Odwrócił się i ujrzał dziewczynę w jasnoniebieskiej koszuli z podwiniętymi rękawami, białych spodniach i butach na wysokich obcasach. Na jej twarzy gościł współczujący uśmiech i mocny makijaż, włosy spinała nieodłączna bandamka, tym razem w kolorze białym.

- Maia?- spytał bardziej samego siebie, niż ją.

- Tak, ja- zaśmiała się dźwięcznie- Aż taki jesteś wczorajszy, że mnie nie poznajesz?

- Uhm, ja...- przetarł twarz dłońmi- Czy my wczoraj... No sama wiesz.

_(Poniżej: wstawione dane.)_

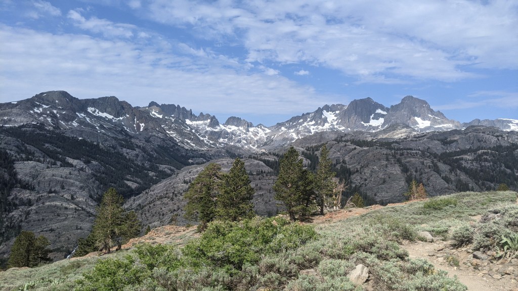 As I got to the top of the pass, which is the southern boundary of Yosemite National Park, my hopes of a mosquito free lunch break were dashed. There was no wind and small ponds at the pass that provided breeding grounds, so they were still swarming hikers. I ate a snack, sneaking the food under my bug head netting into my mouth before heading down the pass.

- Ahh... Myślę, że lepiej będzie nam się rozmawiało przy jakimś obiedzie. Nie wiem jak ty, ale ja umieram z głodu.

- Taa, ja też- zgodził się, a potem podążył za brunetką do stolika zlokalizowanego w kącie restauracji. Usiedli razem na skórzanej kanapie, a po chwili przed nimi pojawił się ryż z warzywami i dziwnym, ale całkiem dobrym sosem.

- Smacznego.

- Mhm.

Zjedli w ciszy, która ciążyła nad ich głowami jak wielka burzowa chmura. Po zakończonym posiłku głos zabrał blondyn.

- Chyba wczoraj ostro zabalowaliśmy- podrapał się w tył głowy.

- O wiele za ostro.

- Czy my...?- gestem dłoni pokazał kółeczko utworzone z kciuka i palca wskazującego, a potem wsunął w nie kolejny palec.

- Jeśli chcesz przez to zapytać czy pieprzyliśmy się jak zwierzęta, to odpowiedź brzmi: tak.

- Było całkiem, całkiem- wzruszył ramionami- Niewiele z tego pamiętam, ale niewątpliwie mi się to podobało- spojrzał na swoją rozmówczynię- Nie mów, że tobie nie.

- Nie narzekam, ale nie zamierzam też tego powtarzać- ucięła szybko temat.

- Nic takiego nie sugerowałem- uniósł dłonie w obronnym geście.

- I nawet nie próbuj w przyszłości- ostrzegła go- Dosyć się rano wykosztowałam.

- Na co?- zmrużył oczy, nie rozumiejąc.

- Na pigułkę.

- Jaką pigułkę?

- Dzień po- parsknęła, kręcąc z niedowierzaniem głową- Kupiłam ją dziś rano i zażyłam od razu. Nie zamierzam martwić się przypadkową ciąża, a co gorsza ryzykować, że mój nieplanowany syn byłby takim samym dupkiem jak jego tatuś.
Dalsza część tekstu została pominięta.